At 9/11 Memorial & Museum, Crews Work to Meet Deadlines

Without press conferences, photo ops or fanfare, the prime piece of rebuilding at the World Trade Center site has reached major milestones in recent months: The National September 11 Mu­seum is now more than halfway to completion. The memorial park above it, among the most visible signs of progress on the 16-acre site, is more than 80 percent finished.

If work continues apace, the memorial and museum will open in 2011 and 2012, respectively. They will be the first finished projects at the World Trade Center site.

“There’s an energy down there now,” said Tom O’Connor, the Port Authority’s program director for the memorial and museum projects. “Everybody sees the light at the end of the tunnel, so everybody’s pressing for it.”

A tour of the site by the Trib in the heat of a cloudless June afternoon made that abundantly clear.

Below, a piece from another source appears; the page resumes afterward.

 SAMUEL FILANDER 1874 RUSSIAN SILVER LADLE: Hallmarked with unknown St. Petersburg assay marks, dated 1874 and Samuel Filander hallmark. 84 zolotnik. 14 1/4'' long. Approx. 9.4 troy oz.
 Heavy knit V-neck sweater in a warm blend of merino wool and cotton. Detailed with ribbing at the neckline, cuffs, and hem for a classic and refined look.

Throughout the 350,000-square-foot memorial plaza, tradesmen are at work, pouring concrete for its base slab in the southwest corner while teams in the northeast slather a finished portion of the base with steaming liquid rubber to prevent roots and water from penetrating the museum ceiling. Bricklayers near the western edge of the park are building some of the soil beds that will cradle approximately 400 swamp white oak and sweetgum trees, the first of which could be planted as early as September.

“That’ll be a nice sign that we’re getting close to the goal of bringing back some life to the site,” said Joe Daniels, president of the National September 11 Memorial & Museum.

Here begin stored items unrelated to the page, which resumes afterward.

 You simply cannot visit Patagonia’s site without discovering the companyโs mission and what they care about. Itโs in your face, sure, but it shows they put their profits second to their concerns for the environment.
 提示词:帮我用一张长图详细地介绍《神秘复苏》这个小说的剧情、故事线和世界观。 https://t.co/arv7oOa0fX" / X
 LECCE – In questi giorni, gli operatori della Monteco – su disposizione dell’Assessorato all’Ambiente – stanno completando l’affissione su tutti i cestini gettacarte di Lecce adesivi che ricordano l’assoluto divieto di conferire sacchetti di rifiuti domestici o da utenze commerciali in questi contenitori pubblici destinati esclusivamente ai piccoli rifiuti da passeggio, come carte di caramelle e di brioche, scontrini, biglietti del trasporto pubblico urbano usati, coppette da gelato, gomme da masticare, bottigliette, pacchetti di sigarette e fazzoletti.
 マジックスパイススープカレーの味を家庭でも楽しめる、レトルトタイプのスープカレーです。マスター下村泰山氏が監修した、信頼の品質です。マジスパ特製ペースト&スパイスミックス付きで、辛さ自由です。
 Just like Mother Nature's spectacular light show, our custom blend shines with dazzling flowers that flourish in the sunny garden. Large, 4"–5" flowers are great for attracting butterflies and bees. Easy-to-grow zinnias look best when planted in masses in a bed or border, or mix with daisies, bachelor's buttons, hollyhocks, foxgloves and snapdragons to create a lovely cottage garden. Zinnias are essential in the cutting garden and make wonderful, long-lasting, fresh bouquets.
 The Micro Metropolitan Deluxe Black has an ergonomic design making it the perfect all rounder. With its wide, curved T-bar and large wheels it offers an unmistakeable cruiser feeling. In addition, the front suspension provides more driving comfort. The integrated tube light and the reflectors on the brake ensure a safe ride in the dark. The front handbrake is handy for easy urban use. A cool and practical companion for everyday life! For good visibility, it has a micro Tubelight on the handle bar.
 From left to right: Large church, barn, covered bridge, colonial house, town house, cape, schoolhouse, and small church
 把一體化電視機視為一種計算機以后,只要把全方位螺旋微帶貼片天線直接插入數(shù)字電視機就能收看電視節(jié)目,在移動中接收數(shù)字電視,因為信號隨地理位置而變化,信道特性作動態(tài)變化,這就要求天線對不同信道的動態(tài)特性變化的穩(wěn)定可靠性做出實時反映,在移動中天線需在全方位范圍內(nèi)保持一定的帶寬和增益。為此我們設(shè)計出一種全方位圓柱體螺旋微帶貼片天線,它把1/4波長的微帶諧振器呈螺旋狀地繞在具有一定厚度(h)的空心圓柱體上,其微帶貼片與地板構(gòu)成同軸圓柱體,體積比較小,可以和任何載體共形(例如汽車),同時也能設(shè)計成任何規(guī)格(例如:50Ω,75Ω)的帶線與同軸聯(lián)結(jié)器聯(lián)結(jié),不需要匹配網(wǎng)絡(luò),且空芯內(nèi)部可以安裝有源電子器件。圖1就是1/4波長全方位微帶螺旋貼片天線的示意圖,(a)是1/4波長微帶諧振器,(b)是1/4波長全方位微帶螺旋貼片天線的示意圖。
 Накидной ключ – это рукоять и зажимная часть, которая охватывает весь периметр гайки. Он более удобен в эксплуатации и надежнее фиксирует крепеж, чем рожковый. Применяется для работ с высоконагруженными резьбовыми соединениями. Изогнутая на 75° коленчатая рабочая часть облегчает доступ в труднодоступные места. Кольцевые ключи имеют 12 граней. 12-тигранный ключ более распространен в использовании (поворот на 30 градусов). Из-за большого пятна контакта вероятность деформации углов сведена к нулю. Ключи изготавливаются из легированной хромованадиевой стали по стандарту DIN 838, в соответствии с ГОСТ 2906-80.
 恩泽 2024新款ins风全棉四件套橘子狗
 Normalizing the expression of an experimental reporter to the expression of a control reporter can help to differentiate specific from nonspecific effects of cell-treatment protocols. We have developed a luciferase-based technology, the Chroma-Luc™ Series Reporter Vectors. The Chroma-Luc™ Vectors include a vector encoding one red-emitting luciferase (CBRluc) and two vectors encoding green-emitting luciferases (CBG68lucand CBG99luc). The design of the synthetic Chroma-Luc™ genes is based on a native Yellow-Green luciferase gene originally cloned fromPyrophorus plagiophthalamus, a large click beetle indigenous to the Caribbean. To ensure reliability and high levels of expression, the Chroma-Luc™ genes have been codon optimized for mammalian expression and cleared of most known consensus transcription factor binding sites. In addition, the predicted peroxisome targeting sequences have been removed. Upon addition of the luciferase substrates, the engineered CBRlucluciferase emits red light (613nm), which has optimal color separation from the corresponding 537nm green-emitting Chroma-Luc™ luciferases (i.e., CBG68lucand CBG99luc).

Viewed from above, the most recognizable sign of progress at the memorial is the formation of the reflecting pools, marking the footprints of the Twin Towers and, since March, fully framed in steel. Inside each of the rectilinear craters, stone setters from the Port Morris Tile and Marble Corp. are installing the 350-pound granite panels that line the pools’ walls and floors.

According to Rich Gaviani, the foreman in charge of that crew, the job has been a formidable endeavor, both physically and emotionally.

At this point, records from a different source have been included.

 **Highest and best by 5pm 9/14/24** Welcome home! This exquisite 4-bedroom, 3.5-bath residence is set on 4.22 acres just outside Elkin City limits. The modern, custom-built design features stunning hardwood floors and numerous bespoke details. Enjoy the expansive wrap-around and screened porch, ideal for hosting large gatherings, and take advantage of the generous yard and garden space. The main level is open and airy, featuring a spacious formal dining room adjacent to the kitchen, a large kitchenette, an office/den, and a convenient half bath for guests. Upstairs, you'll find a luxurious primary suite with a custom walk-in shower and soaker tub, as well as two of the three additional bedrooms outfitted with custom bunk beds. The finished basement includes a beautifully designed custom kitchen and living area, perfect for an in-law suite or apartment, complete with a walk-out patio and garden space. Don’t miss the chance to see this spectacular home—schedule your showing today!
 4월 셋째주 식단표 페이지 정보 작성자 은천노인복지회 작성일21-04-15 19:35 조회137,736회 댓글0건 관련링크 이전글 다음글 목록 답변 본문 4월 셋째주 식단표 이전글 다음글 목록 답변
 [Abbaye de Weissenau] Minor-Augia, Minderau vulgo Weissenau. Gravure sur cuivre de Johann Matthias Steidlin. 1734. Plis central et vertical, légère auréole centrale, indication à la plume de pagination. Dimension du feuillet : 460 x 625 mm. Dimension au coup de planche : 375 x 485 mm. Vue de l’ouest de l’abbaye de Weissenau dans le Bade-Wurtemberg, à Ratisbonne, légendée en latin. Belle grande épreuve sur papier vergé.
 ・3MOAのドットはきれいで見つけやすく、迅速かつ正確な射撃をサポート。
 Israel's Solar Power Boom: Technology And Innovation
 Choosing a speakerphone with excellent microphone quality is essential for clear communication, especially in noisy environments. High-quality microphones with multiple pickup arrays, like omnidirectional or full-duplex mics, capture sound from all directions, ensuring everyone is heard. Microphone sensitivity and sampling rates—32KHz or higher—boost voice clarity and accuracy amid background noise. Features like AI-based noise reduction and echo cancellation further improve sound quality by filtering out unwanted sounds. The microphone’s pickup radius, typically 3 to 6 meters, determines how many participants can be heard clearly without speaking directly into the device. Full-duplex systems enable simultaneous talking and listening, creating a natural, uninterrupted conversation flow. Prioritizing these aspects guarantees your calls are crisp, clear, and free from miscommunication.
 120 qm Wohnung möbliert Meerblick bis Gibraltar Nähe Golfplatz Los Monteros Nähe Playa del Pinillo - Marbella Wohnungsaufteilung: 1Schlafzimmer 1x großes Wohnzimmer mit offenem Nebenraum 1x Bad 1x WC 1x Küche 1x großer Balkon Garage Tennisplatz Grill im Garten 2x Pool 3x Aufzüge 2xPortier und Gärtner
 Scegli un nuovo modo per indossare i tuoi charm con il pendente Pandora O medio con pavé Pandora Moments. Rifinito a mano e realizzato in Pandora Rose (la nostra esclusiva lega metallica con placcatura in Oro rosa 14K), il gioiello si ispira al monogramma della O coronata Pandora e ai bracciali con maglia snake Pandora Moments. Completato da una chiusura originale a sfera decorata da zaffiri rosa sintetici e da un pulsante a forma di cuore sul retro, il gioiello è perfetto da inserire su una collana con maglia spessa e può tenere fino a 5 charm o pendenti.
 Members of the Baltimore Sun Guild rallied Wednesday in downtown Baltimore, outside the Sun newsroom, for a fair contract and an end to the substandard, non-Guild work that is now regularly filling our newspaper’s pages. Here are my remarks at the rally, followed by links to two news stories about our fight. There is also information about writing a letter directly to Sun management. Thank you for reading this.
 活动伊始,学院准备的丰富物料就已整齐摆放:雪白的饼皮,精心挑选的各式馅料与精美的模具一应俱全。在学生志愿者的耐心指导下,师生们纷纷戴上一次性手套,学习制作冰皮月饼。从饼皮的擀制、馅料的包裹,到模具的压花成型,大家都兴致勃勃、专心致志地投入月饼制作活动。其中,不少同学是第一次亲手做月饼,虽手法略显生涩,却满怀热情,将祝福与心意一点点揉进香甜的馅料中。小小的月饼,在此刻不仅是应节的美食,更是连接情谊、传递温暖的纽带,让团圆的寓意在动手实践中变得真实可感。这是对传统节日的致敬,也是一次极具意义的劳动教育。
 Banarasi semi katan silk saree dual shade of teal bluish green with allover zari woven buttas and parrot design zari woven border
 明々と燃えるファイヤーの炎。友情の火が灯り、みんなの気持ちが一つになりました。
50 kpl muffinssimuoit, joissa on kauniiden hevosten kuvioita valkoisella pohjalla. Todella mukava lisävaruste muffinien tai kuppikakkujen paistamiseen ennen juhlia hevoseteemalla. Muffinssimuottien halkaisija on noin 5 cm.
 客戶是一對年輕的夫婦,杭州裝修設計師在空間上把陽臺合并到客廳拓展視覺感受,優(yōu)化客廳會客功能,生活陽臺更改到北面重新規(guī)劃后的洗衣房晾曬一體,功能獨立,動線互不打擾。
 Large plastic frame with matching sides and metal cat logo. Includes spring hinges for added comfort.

“The first day I was here,” Gaviani said, “we were down in the lower level of the museum, and they had a mark on the floor that said, ‘0.0, North Tower.’ I was standing in the dead center of Tower 1, of where it used to be. That’s when I think we were all like, ‘Wow, this is what we’re doing.’”

Beneath the memorial plaza, hammers thunder against the bare steel and concrete walls of the nascent museum. Giant gleaming pumps are nested just below the bottom of the pools, awaiting connection to the pipes that will feed the waterfalls. Nearby, through a short maze of utility and mechanical rooms, what will become the museum’s imposing corridors and exhibition rooms are today as gray and coldly austere as an underground military bunker.

A worker keeps watch near the slurry wall on the west side of the site as sparks fall from the torch of a welder above.
Carl Glassman / Tribeca Trib
A worker keeps watch near the slurry wall on the west side of the site as sparks fall from the torch of a welder above.
Later this year, crews will begin work on the above-ground entry pavilion, which will house two “trident” columns recovered from the northern façade of Tower 1.

Beneath the museum’s public halls, small tracts of soil still peek through the floor in a few unfinished corners of the superstructure’s lowest reaches, some 80 feet below street level.

Two iconic artifacts from the World Trade Center’s collapse—the Last Column, now encased in a hermetic seal, and the Survivors’ Staircase—already occupy their permanent spots in what will be the museum’s yawning main exhibition hall. In that same space, the rough surface of the Trade Center’s original slurry wall, which visitors will one day view from behind a rail, for now can still be touched.

Moving through the matrix of spaces that are to become the museum and memorial, their size and density conspire to skew one’s sense of scale. Squeezing through a tangle of steel rebar that protrudes from the floor, or climbing up a narrow scaffolding can unexpectedly lead to a trek across a long wide-open plain.

Surrounded by the everyday bits and pieces of a worksite—buckets full of shiny washers and bolts, coiled hoses and folded sawhorse, it is easy to lose sight of the enormity of these projects, or the emotional impact that awaits visitors in a little more than a year. But not so for those who work there daily.

“When you stand back and look at what you’ve done,” Gaviani said, standing at the bottom of the south reflecting pool, “you see something you’re going to tell your kids and grandkids about.”